EXERCISE DATA
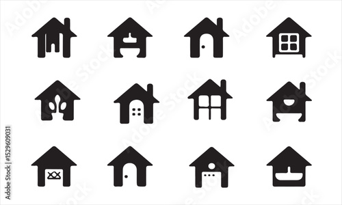 A set of twelve simple, black silhouette icons of houses with various architectural details, house icon, home icon, building icon, real estate icon, property icon, architecture icon, silhouette, black
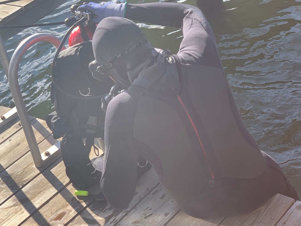 It made me nervous just to watch Jeff our diver jump into that water. When he entered the water he took quite a few loud deep breaths. It looked cold to me. Jeff disappeared for what seemed like 5-10 minutes as I watched his bubbles appearing on the surface up & down the dock. I stood there holding the line he had attached to the dock and himself. I finally gave a tug on the line (cuz I think I saw that in a movie once) and he came up empty-handed and cold. He agreed to try another spot closer to the stern of the boat and he was down another 5 minutes… He surfaced and smiled a frozen smile. He had me pull the rope and the door came to the surface. Jeff had felt with his hands in zero visibility around the bottom until he felt the metal door and rapped his dive rope around it several times. We had already turned the heat on inside MV Simple Life so it was 80 degrees inside. Teresa handed Jeff a steaming hot coffee and a towel. Judging by how he stood in the path of the heat with both hands clenching the coffee cup under his chin… I’d say he appreciated it.
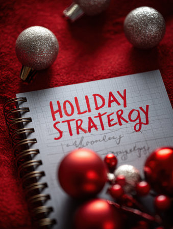 A notebook titled Holiday Stratergy sits on a rich red surface, surrounded by sparkling ornaments, reflecting the spirit of festive planning and organization.
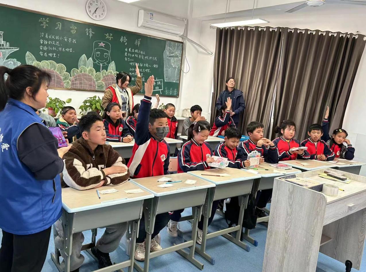 在活动过程中,社工专业的同学辅以丰富的肢体动作用诙谐幽默的语言讲解交通安全知识。孩子们喜悦之情溢于言表,一个个跟在大学生哥哥姐姐后面参与互动环节,“知识大闯关”“我是汽车小司机”等互动游戏很好地实践和强化了教学效果。
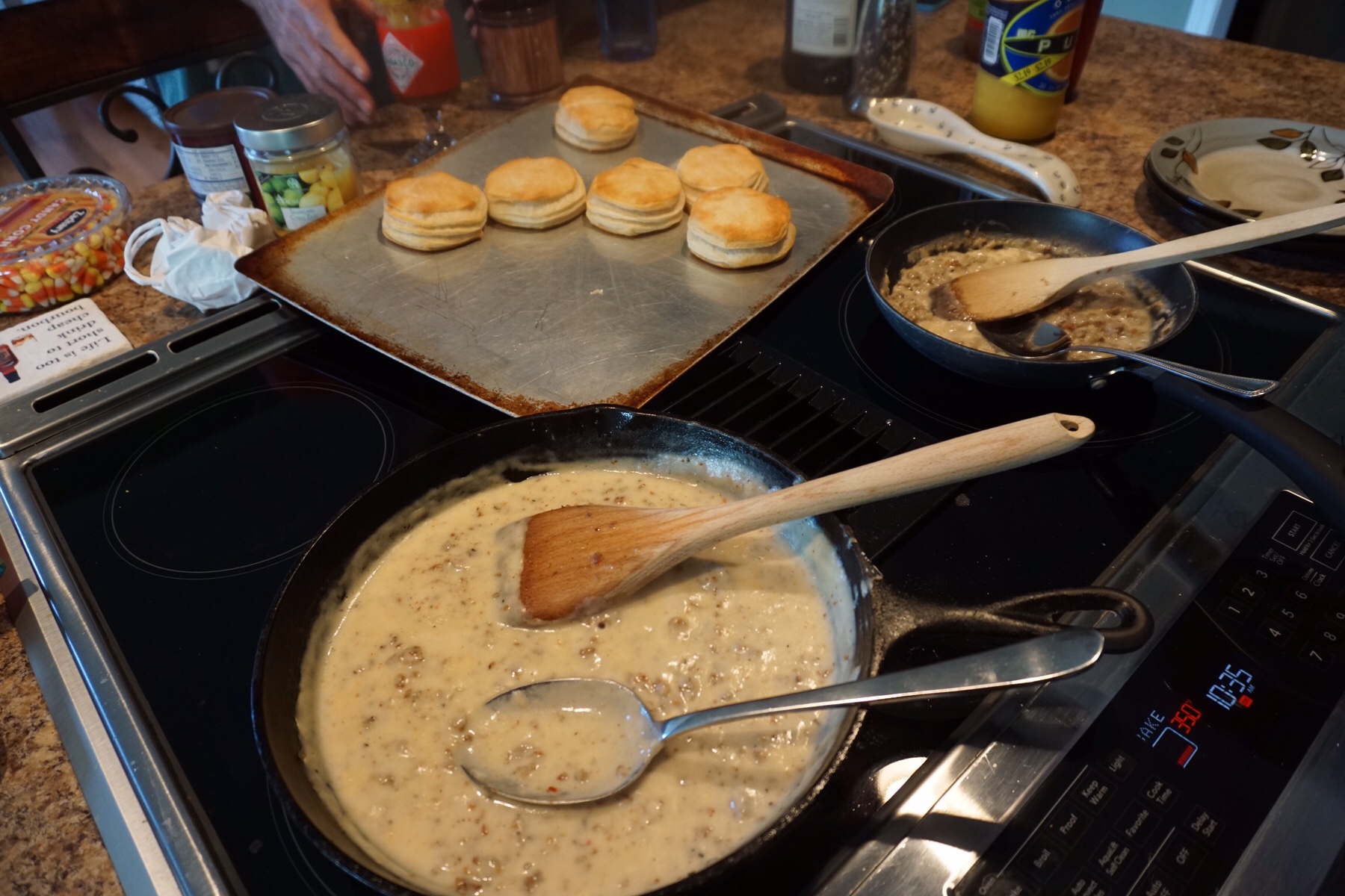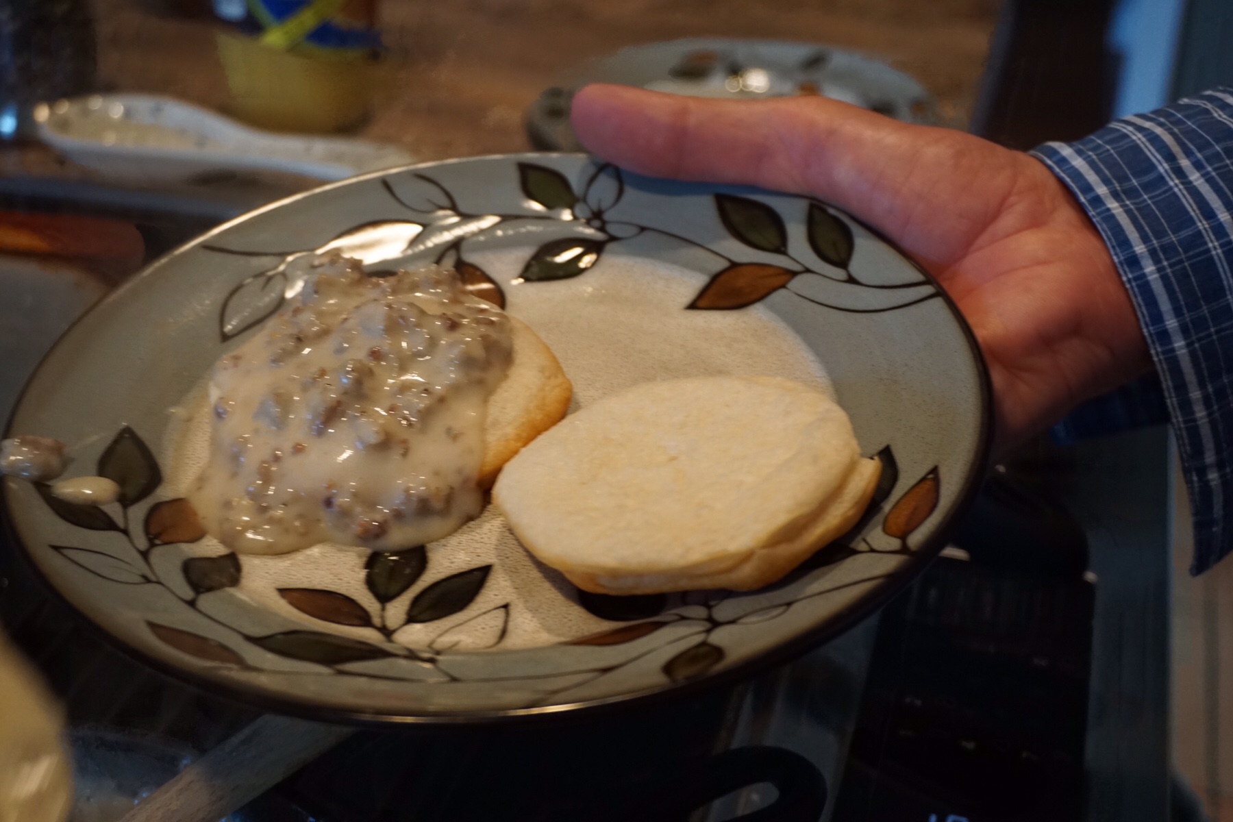 It turns out the ‘biscuits’ are savoury dough circles baked in the oven, while on the stove top a mixture of sausage meat, flour and milk are cooked up. This is served with hot-pepper sauce and is surprisingly delicious!

EXERCISE REQUIREMENTS
Nothing but an exact transcription of the material, without pictures, should be returned.

RESPONSE TO THIS TASK
 A set of twelve simple, black silhouette icons of houses with various architectural details, house icon, home icon, building icon, real estate icon, property icon, architecture icon, silhouette, black
 It made me nervous just to watch Jeff our diver jump into that water. When he entered the water he took quite a few loud deep breaths. It looked cold to me. Jeff disappeared for what seemed like 5-10 minutes as I watched his bubbles appearing on the surface up & down the dock. I stood there holding the line he had attached to the dock and himself. I finally gave a tug on the line (cuz I think I saw that in a movie once) and he came up empty-handed and cold. He agreed to try another spot closer to the stern of the boat and he was down another 5 minutes… He surfaced and smiled a frozen smile. He had me pull the rope and the door came to the surface. Jeff had felt with his hands in zero visibility around the bottom until he felt the metal door and rapped his dive rope around it several times. We had already turned the heat on inside MV Simple Life so it was 80 degrees inside. Teresa handed Jeff a steaming hot coffee and a towel. Judging by how he stood in the path of the heat with both hands clenching the coffee cup under his chin… I’d say he appreciated it.
 A notebook titled Holiday Stratergy sits on a rich red surface, surrounded by sparkling ornaments, reflecting the spirit of festive planning and organization.
 在活动过程中,社工专业的同学辅以丰富的肢体动作用诙谐幽默的语言讲解交通安全知识。孩子们喜悦之情溢于言表,一个个跟在大学生哥哥姐姐后面参与互动环节,“知识大闯关”“我是汽车小司机”等互动游戏很好地实践和强化了教学效果。
 It turns out the ‘biscuits’ are savoury dough circles baked in the oven, while on the stove top a mixture of sausage meat, flour and milk are cooked up. This is served with hot-pepper sauce and is surprisingly delicious!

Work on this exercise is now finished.